Scientists Pursue Optical Breakthroughs That Could Boost Bandwidth, Free Space Optics
Two teams of researchers pursuing optical breakthroughs got a boost from the Optica Foundation, which gave each team $100,000 in grants. One team is looking at boosting bandwidth, while the other is looking to improve free space optics.
Optica is an American scientific society for optics and photonics.
Boosting Optical Bandwidth
A team led by Dr. Ying Xue from The Hong Kong University of Science and Technology aims to help networks become capable of processing the immense amount of data being produced globally.
The amount of data growth is so great that silicon-based integrated circuits and systems are becoming bottlenecks. Although some potential solutions have emerged, those solutions have been hampered by fabrication, production and economic constraints.

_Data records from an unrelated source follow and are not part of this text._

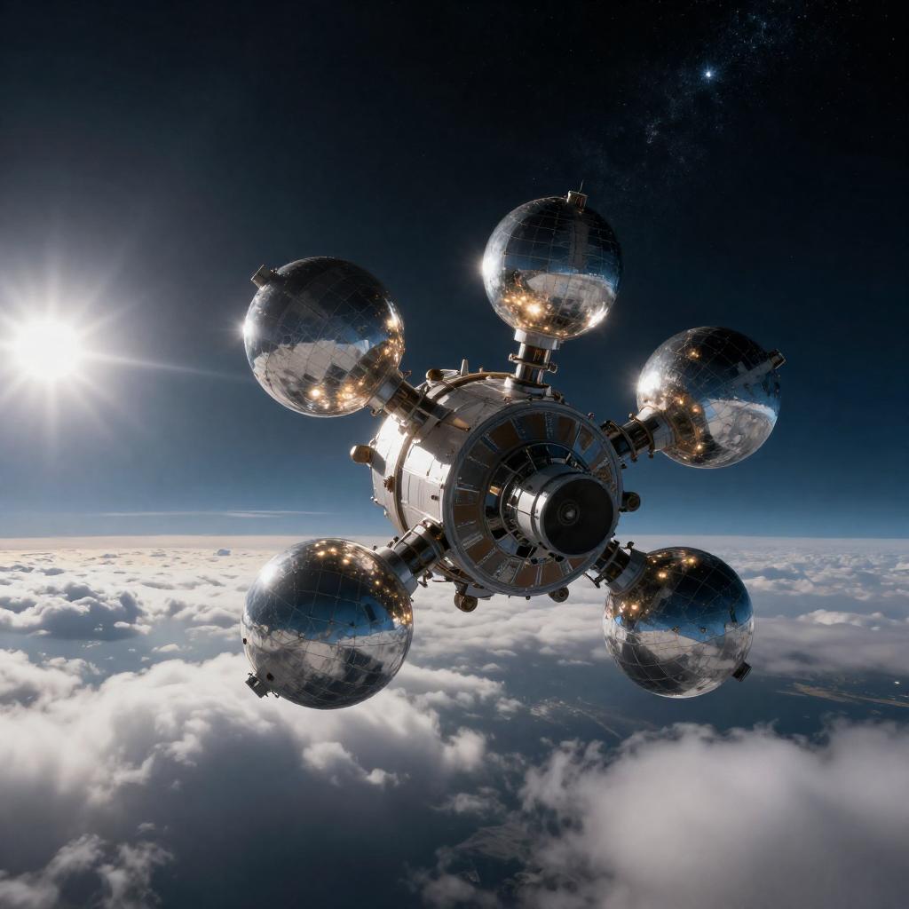Spacecraft with four large, illuminated, spherical sensors flying above a sea of clouds. Dark starry sky in the background. Bright light from a planet on the left. Spacecraft in the center, partially above clouds. Starry sky with visible stars.
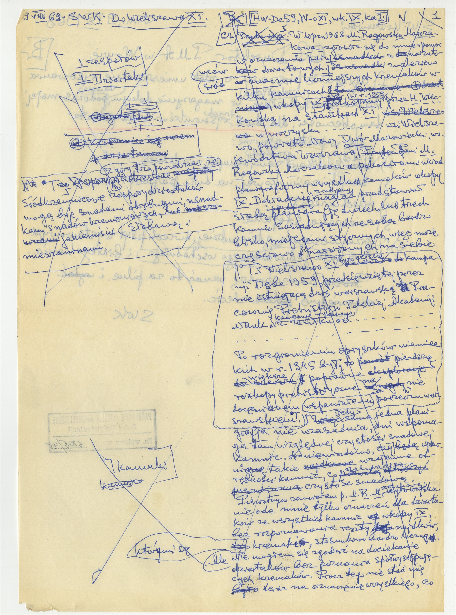 Rękopis notatek S. Krukowskiego zatytułowany "SWK - Do Wieliszewa" - strona 1: (przekreślona) zatytułowana "HW•De59 W-oXI ka 1" 9 VIII [19]68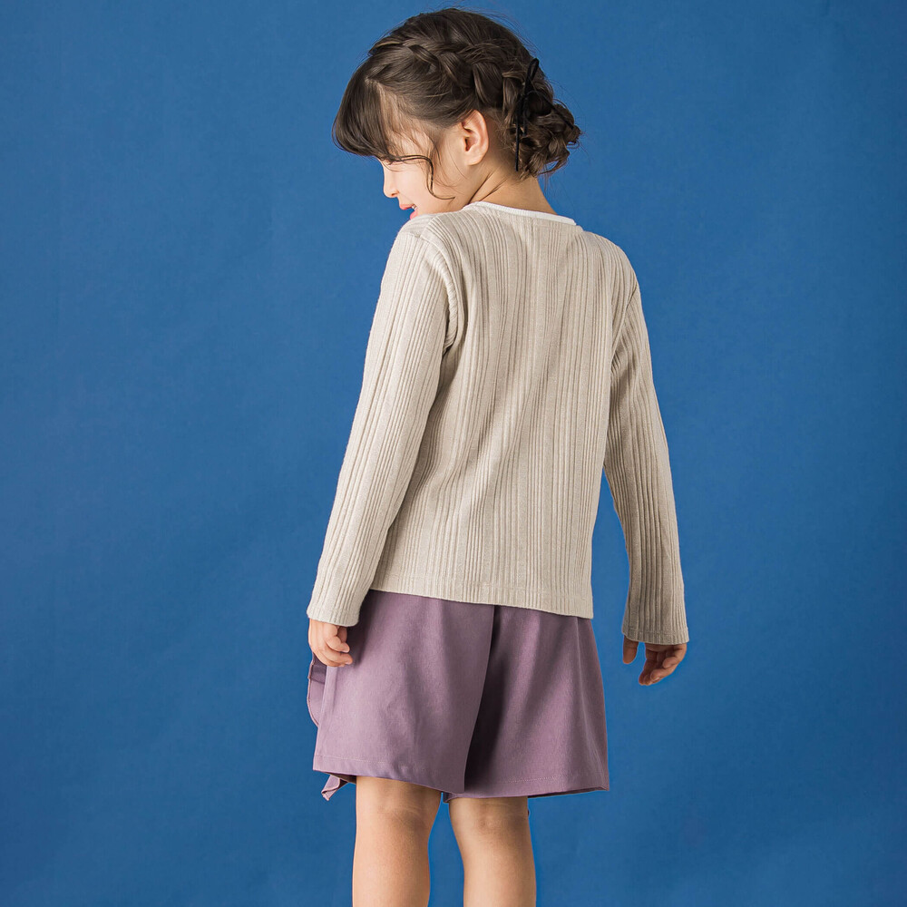 異素材のフリルが特徴的な女の子用のキュロットパンツです。

Xue and her team were awarded the grant for work on an integration method called lateral aspect ratio trapping (LART). According to a release issued by Optica Foundation, LART enables placement of high-performance lasers precisely where they are needed in a photonic integrated circuit.
Within six months, the researchers expect to conduct experiments to fine-tune and gather information on designs for electrically pumped lasers in silicon photonics.
“This is complex work, but it will address the issues of integrated photonics delivering on the promises of silicon photonics,” Xue said in a prepared statement.
“We are looking at the complete functionality of a photonic integrated circuit on silicon, enabling large bandwidth, low cost, and the integration of electronics on the same chip. It will open new opportunities in research and industry.”
Free Space Optics
A team led by Dr. Ahmed Dorrah from the Harvard John A. Paulson School of Engineering and Applied Sciences is focused on making terahertz radiation for free space optical communications, which uses light propagating in free space to wirelessly transmit data traffic.
Terahertz radiation offers larger bandwidth than current wireless standards “with minimal external effects,” according to Optica. But using terahertz radiation has been hindered by the shortage of affordable cameras with the correct attributes to detect and read light signals.
By developing efficient schemes for sensing and generating THz beams, Dorrah believes he can leverage them for use in FSO communications and beyond.
The researchers aim to make terahertz communications practical by addressing that limitation. The research is on metasurfaces, which are flat optics structures “designed to control light, to convert any one-dimensional THz power detector array to a full two-dimensional wavefront camera for capturing light signals.”
In essence, the metasurface “performs a set of operations on incoming light and projects the result onto a power detector, enabling the full reading of the THz beam profile with high resolution and over broadband.”